During the month of June, I plan to post blogs on my own presentation on Munro’s story “Passion,” and on the events at the conference, including summaries of the other panel presentations on the story. If you are interested in following along and making your own comments, the New Yorker version of “Passion” is available at http://www.newyorker.com/archive/2004/03/22/040322fi_fiction

The story is in her 2004 collection Runaway.

The Society for the Study of the Short Story has been around for a number of years. I have made presentations at nine of the eleven International Conferences. It is the one conference I try to attend regularly, not only because it focuses on the area of my special interest, but because it is the only chance I get to see old friends from around the world.

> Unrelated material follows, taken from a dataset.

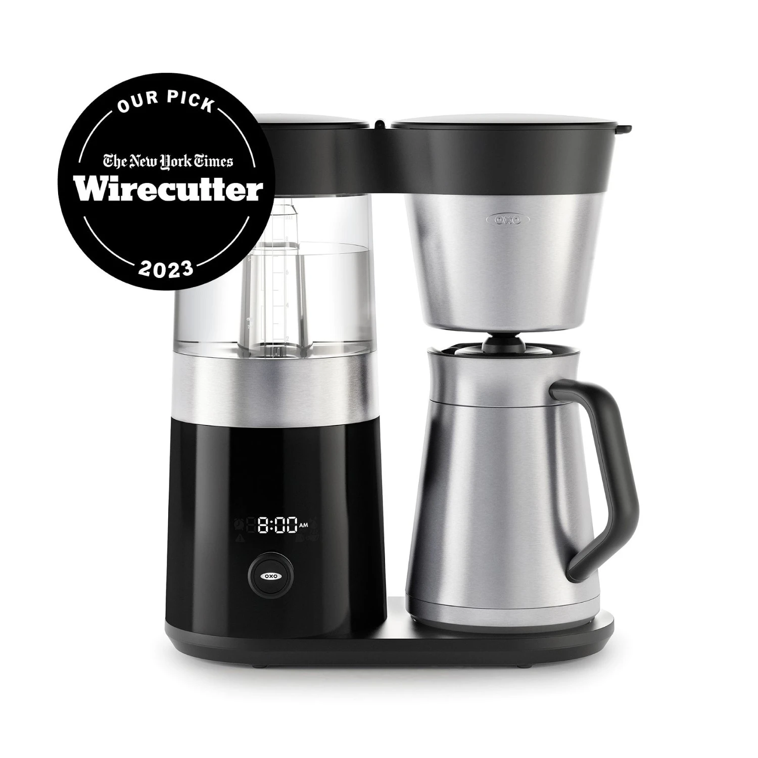 We designed the OXO Brew 9-Cup Coffee Maker to regulate brew time, water temperature and volume, the three variables that can make or break a pot of coffee. Just add water and ground coffee and select the number of cups to brew – the machine will handle the rest. The OXO Brew 9-Cup Coffee Maker is recognized as an exemplary home brewer by the SCA (Specialty Coffee Association) for delivering rich, gold-standard coffee – every time. 120V/60Hz voltage.
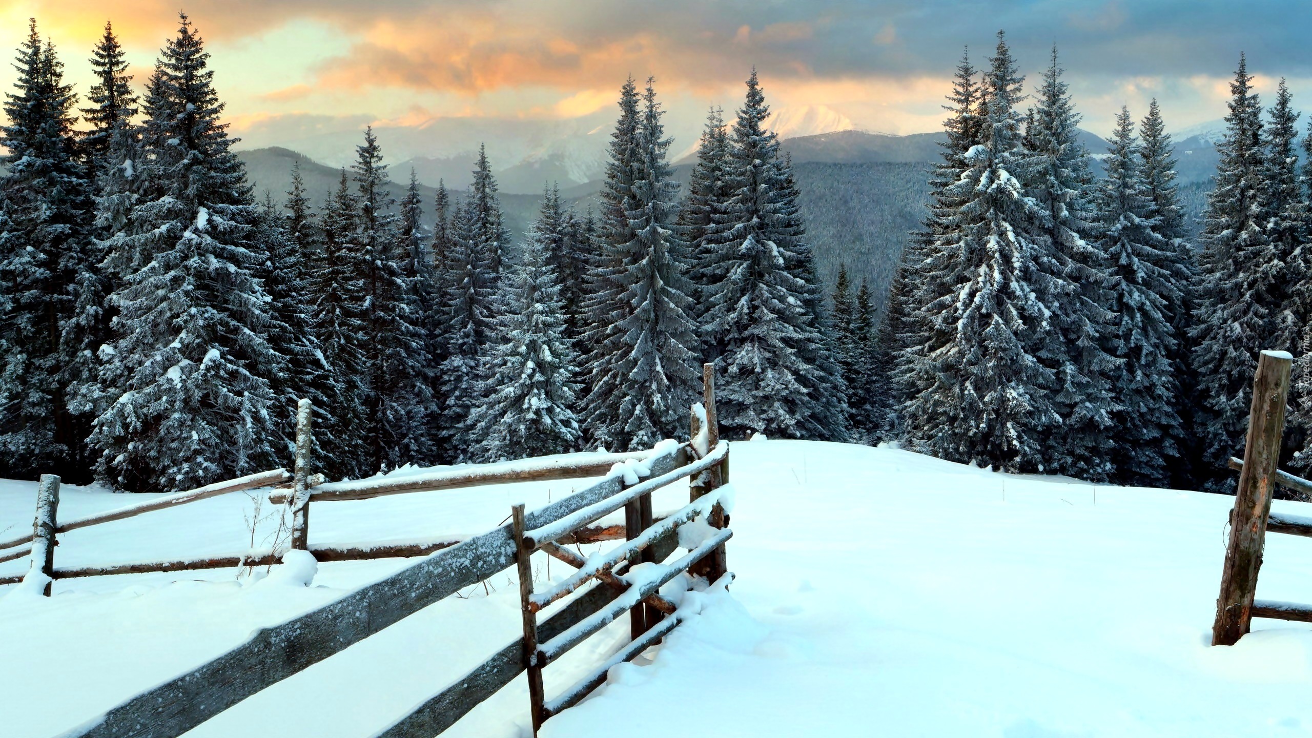Edytor tapety: Ośnieżony las w górach i ogrodzenie na polanie

The conference, which is held every two years, began twenty-two years ago in Paris, France. Since then, it has been held in New Orleans, Lisbon, Cork, and several times at the University of Iowa, home of the famous Iowa Writers Workshop. What is unique about the conference is that it is not only a platform for literary critics to discuss the short story as a form, it also provides an opportunity for short story writers to read their stories and meet with their most dedicated readers.

Over the years, I have met John Barth, Anne Beattie, Isabelle Allende, Rudolfo Anaya, Ellen Douglas, Francine Prose, Judith Ortiz-Cofer, Leslie Marmon Silko, Amy Tan, Tobias Wolfe, Bharata Mukherjee, Clark Blaise, Edna O’Brien, Richard Ford, and many others.

Writers reading and mingling this June in Toronto include: Robert Olen Butler, Sandra Cisneros, Alistair MacLeod, Margaret Atwood, Helena Maria Viramontes, Olive Senior, Bharata Mukergee, Clark Blaise, and others.

Panels will feature presentations on Canadian short fiction, metafiction and postmodernism, the relationship between short fiction and nonfiction, flash fiction, postcolonialism, Irish short fiction, fairy tale, etc.

One panel title that gave me a laugh and that I will be sure not to miss is:
“Theory and the Short Story: Poe, Charles E. May, and Erich Auerbach”. What a hoot!

I will post some work I have done on my presentation on "Passion" in a few days. I hope you get a chance to read it before then and join with me in a discussion of it.